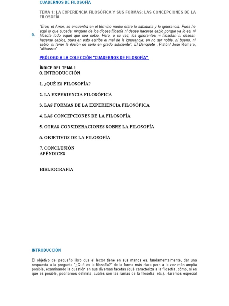 capítulos más amplios de este tema es el dedicado a las "concepciones de la filosofía" (capítulo nº.
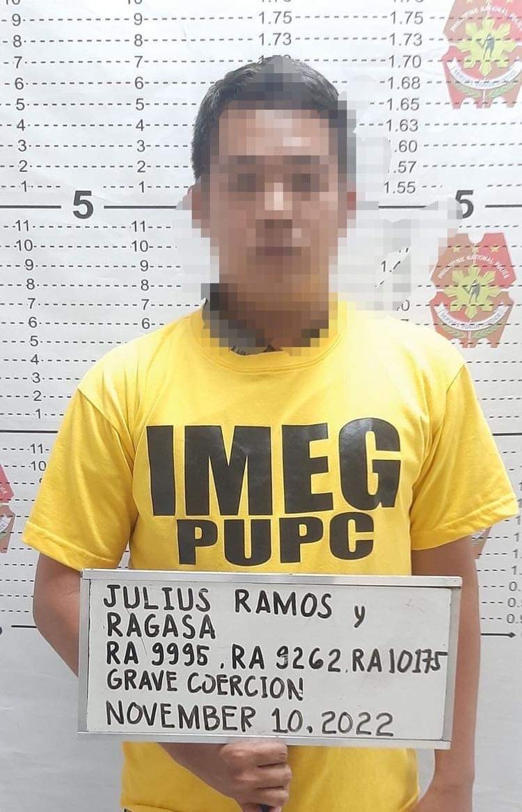 Ang suspek kasamtangang napriso sa IMEG-National Headquarters Custodial Facility sa Camp Crame ug nag-atubang sa administratibong kaso ug mga kriminal nga kasong grave coercion.
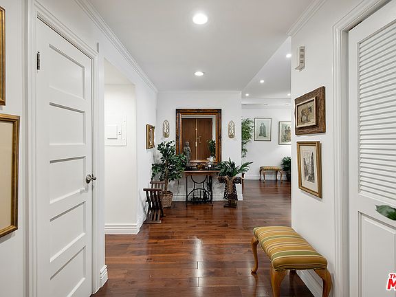 Prime BH location, north of Burton Way. 24/7 concierge/security. Only 2 units per floor feels like your own private elevator. Formal entry leads you into front facing 2 bed 2.5 bath remodeled unit. Large open floor plan includes living room, den and dining areas that open to balconies which faces tree-lined street. State of the art kitchen with newer hi end appliances, granite counters, custom shelving, cabinets for plenty of storage. Large primary bedroom with a balcony, built in dressing table and walk in custom closet and spa like bathroom with a separate tub and shower. 2nd Bedroom has a private bathroom lots of closets and a full wall library with hand crafted shelving. Washer and Dryer in the unit. Hotel like roof top pool, gazebo and dining area with professional sized BBQ's for entertaining. Common areas also include a gym, huge entertaining room with kitchen. Formal entry. Living room includes a custom bar and extensive lighting. Located near essential shopping, Cedar Sinai, Rodeo Drive, and Restaurants.

:: Directions for this task ::
Reproduce verbatim the lines of the material above, beginning with its first line and ending with the line that contains "Ang suspek kasamtangang"; skip pictures.

:: Response for this exercise ::
 capítulos más amplios de este tema es el dedicado a las "concepciones de la filosofía" (capítulo nº.
 Ang suspek kasamtangang napriso sa IMEG-National Headquarters Custodial Facility sa Camp Crame ug nag-atubang sa administratibong kaso ug mga kriminal nga kasong grave coercion.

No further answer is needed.